Pramuka, ungkap Syaiful Huda, bukan hanya tentang kegiatan fisik semata, tetapi juga tentang pembentukan karakter, kemandirian, dan kebersamaan. Ini penting terutama untuk pelajar di daerah terpencil yang mungkin tidak memiliki akses yang sama terhadap informasi dan kesempatan pengembangan diri.
Sebelumnya, Kementerian Pendidikan, Kebudayaan, Riset, dan Teknologi di bawah kepemimpinan Menteri Nadiem Anwar Makarim telah mengeluarkan kebijakan untuk mencabut status Pramuka sebagai ekstrakurikuler wajib di sekolah.
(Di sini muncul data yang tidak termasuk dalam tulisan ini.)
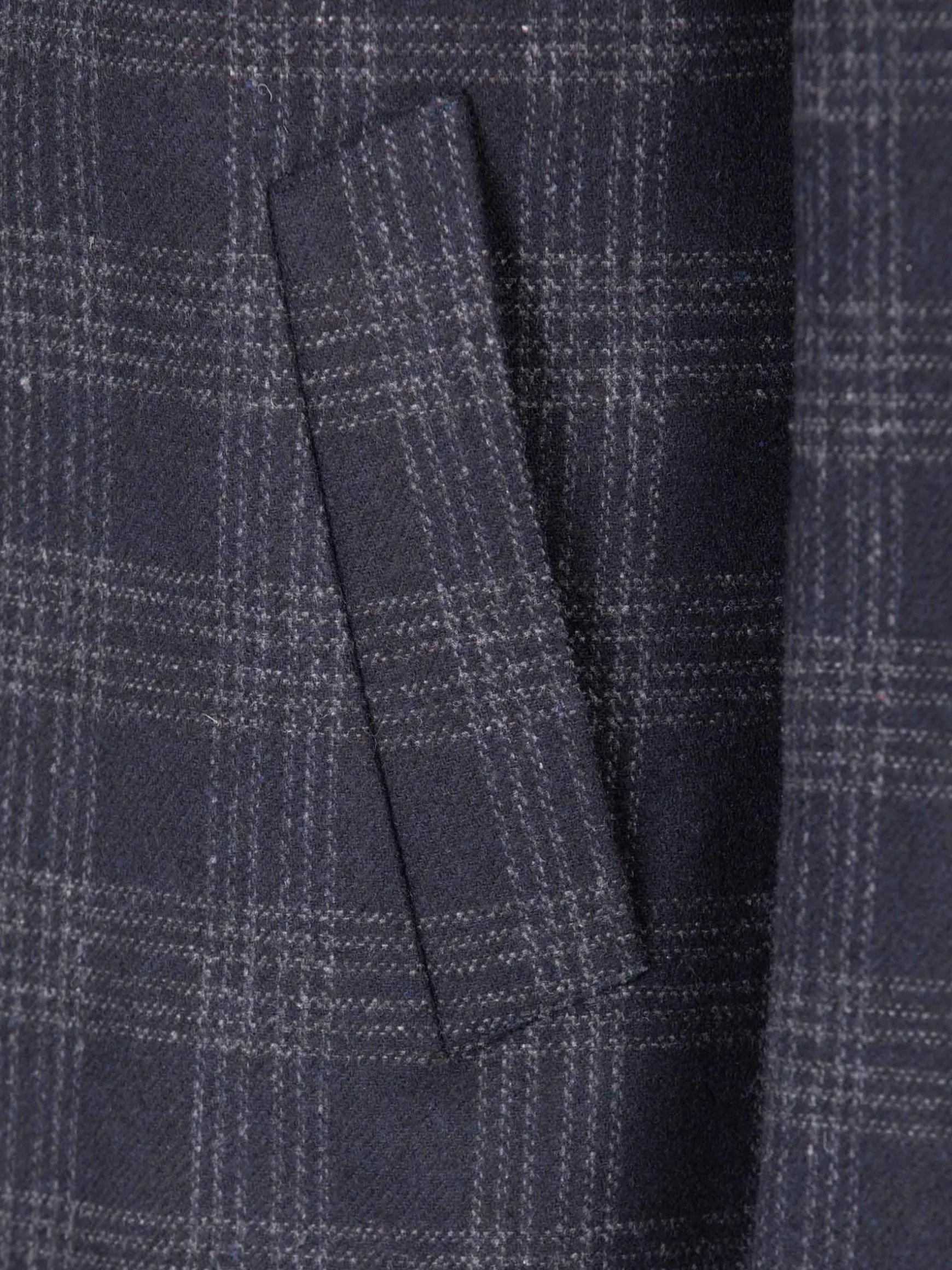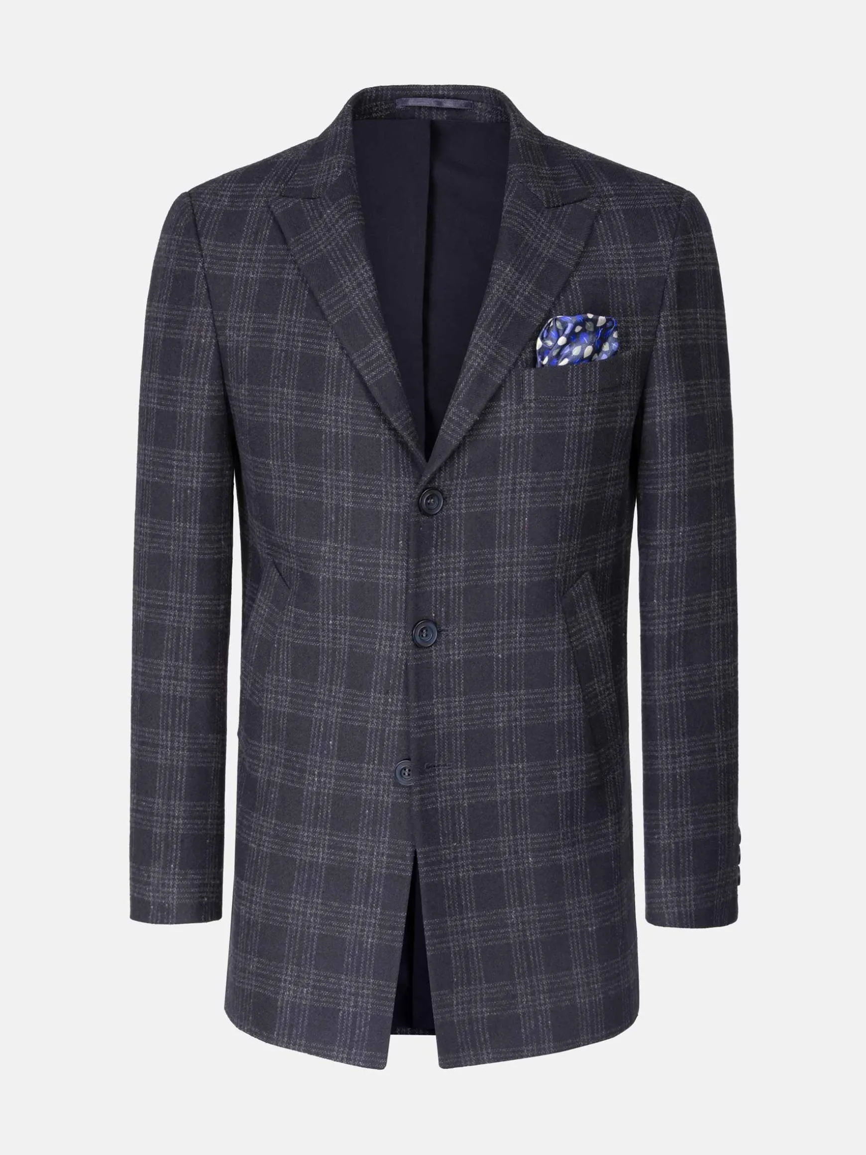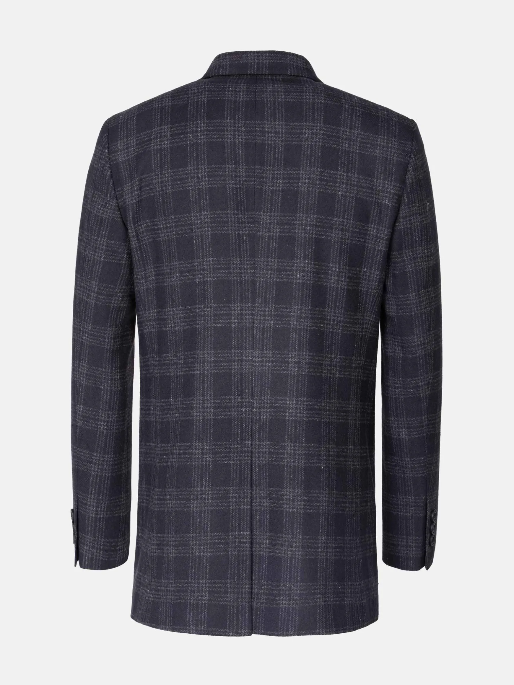 Stijlvolle trenchcoat met ruitpatroon. Deze jas heeft een mooie donkerblauwe kleur, afgewerkt met grote, blauwe knopen. Dit model past goed op een pantalon, maar ook op een nette jeans. De borstzak van het jasje kan, wanneer deze naar buiten wordt gedraaid, worden gepresenteerd als een extra accessoire in de vorm van een pochet van 100% polyester.
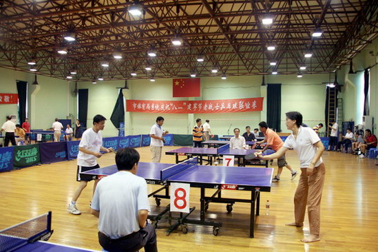7月26日下午,上海市体育局、上海市乒乓球协会为纪念八一建军节,特举办一场体育系统老战士乒乓球联谊赛。联谊赛受到系统内复转军人的积极响应,无论是领导还是职工,都挥拍上阵,再现当年军人风彩。市体育局党委副书记陈一平、刘建胜亲自参赛。
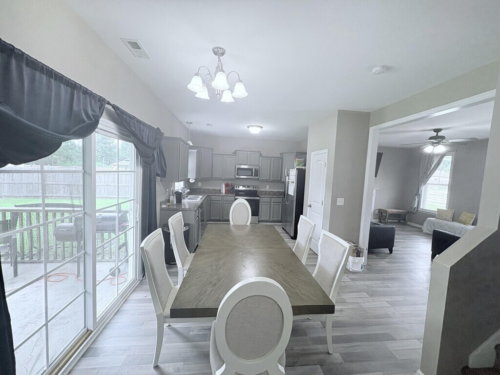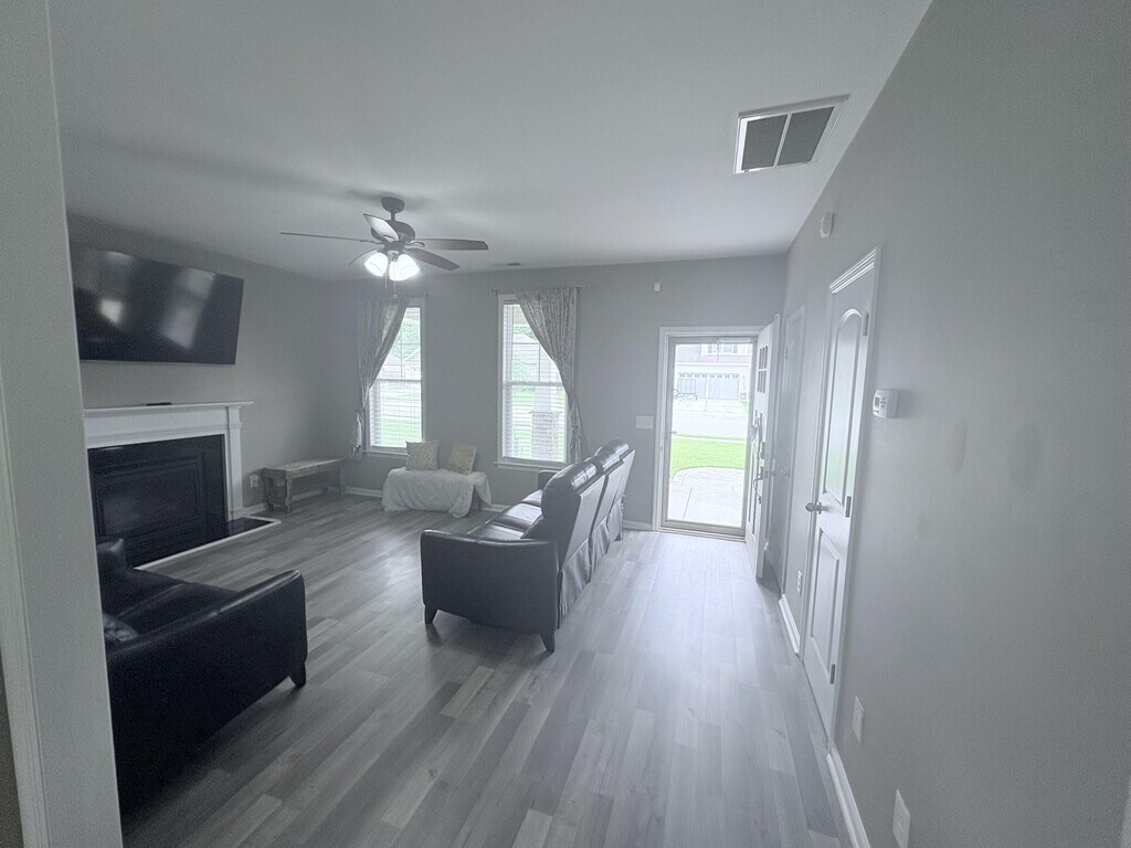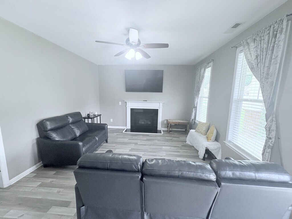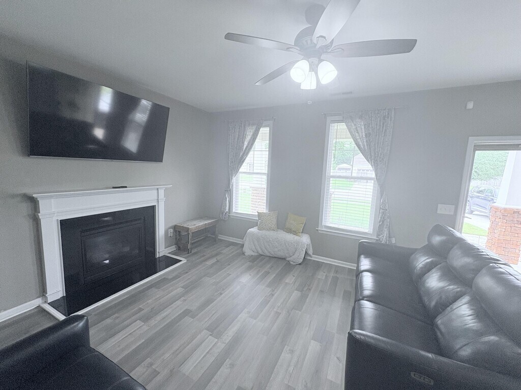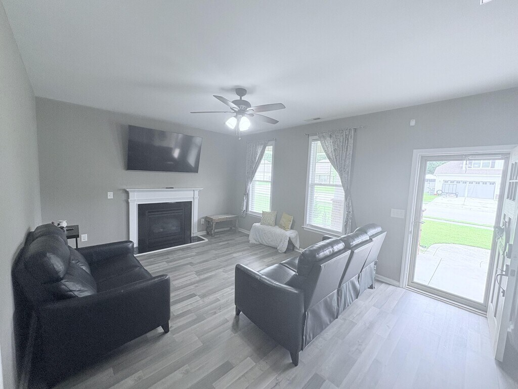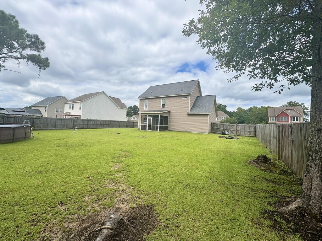 This BEAUTIFUL 2 story home features a spacious living room with a cozy fireplace that flows into the large kitchen that has stainless steel appliances, and lots of counter and cabinet space. The upstairs master bedroom has an en-suite bathroom with dual sinks and a walk-in closet. The other 3 bedrooms are nice in size as well. The enormous fenced in back yard and screened in patio is perfect for entertaining! Located minutes from Hunters Creek Elementary School, the main base, and stores, this home is perfectly located no matter what your needs are!
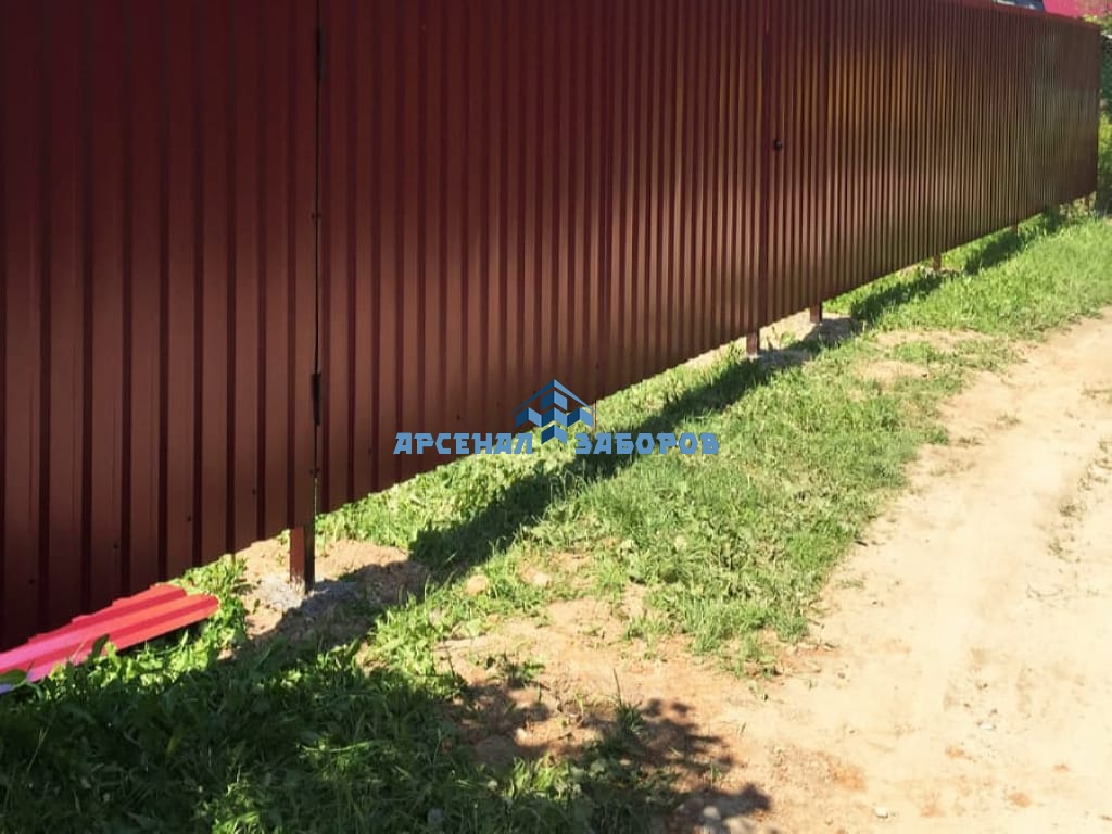 Конструкция забора из профлиста на ленточном фундаменте и с кирпичными столбами
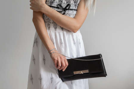 Front crop view of young fashionable woman dressed with long dress and holds a hand bag
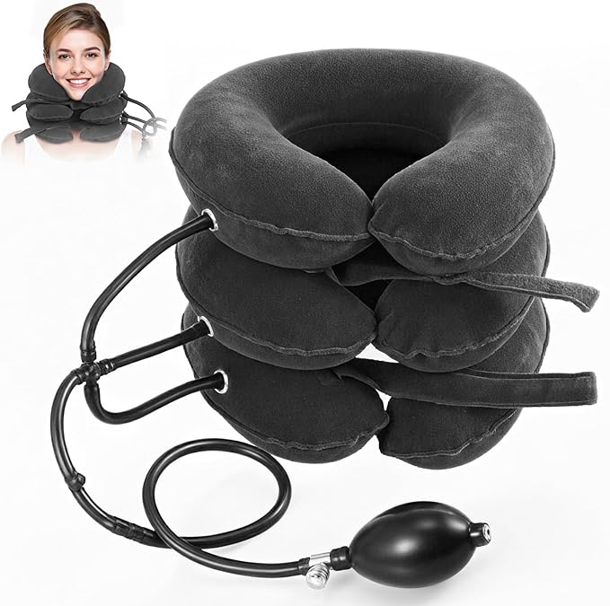 This adjustable inflatable cervical traction device gently stretches and supports the neck to relieve tension, stiffness, and pain caused by poor posture, pinched nerves, or herniated discs.
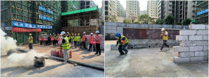 本次演练共设五个项目,分别为:高空坠落应急救援、触电事故应急救援、消防安全应急救援、坍塌事故应急救援及食物中毒事故应急救援。
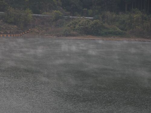 12月13日誘われて八幡岳へ 朝 峠越えでバイクを走らせましたが 気温1度となってました ダムを見ると湯気が立ってます 3人で川内峠 八幡岳 八幡岳キャンプ場 女山 船山キャンプ場まで 13キロほど 台風で倒木が多くてアスレチックみたいな所も有りました 山中…

Kebijakan ini tertuang dalam Peraturan Menteri Nomor 12 Tahun 2024 tentang Kurikulum pada Pendidikan Anak Usia Dini, Jenjang Pendidikan Dasar, dan Jenjang Pendidikan Menengah.
Meskipun revisi tersebut membuat kegiatan perkemahan dalam Pramuka menjadi tidak wajib, namun satuan pendidikan tetap diperbolehkan untuk menyelenggarakannya jika dianggap perlu. Selain itu, partisipasi pelajar dalam kegiatan ekstrakurikuler, termasuk Pramuka, kini menjadi sukarela sesuai dengan Permendikbudristek Nomor 12 Tahun 2024.
Undang-Undang Nomor 12 Tahun 2010 menegaskan bahwa gerakan Pramuka adalah mandiri, sukarela, dan non-politis. Dalam konteks tersebut, revisi Permendikbudristek Nomor 12 Tahun 2024 lebih menekankan pada karakter sukarela dalam partisipasi pelajar dalam kegiatan Pramuka.
Penghapusan status Pramuka sebagai ekskul wajib di sekolah mengundang perdebatan di berbagai kalangan, termasuk di tingkat legislatif. Dengan adanya polemik ini, diharapkan pihak terkait dapat mencari solusi yang terbaik untuk kepentingan pembentukan karakter peserta didik di masa depan.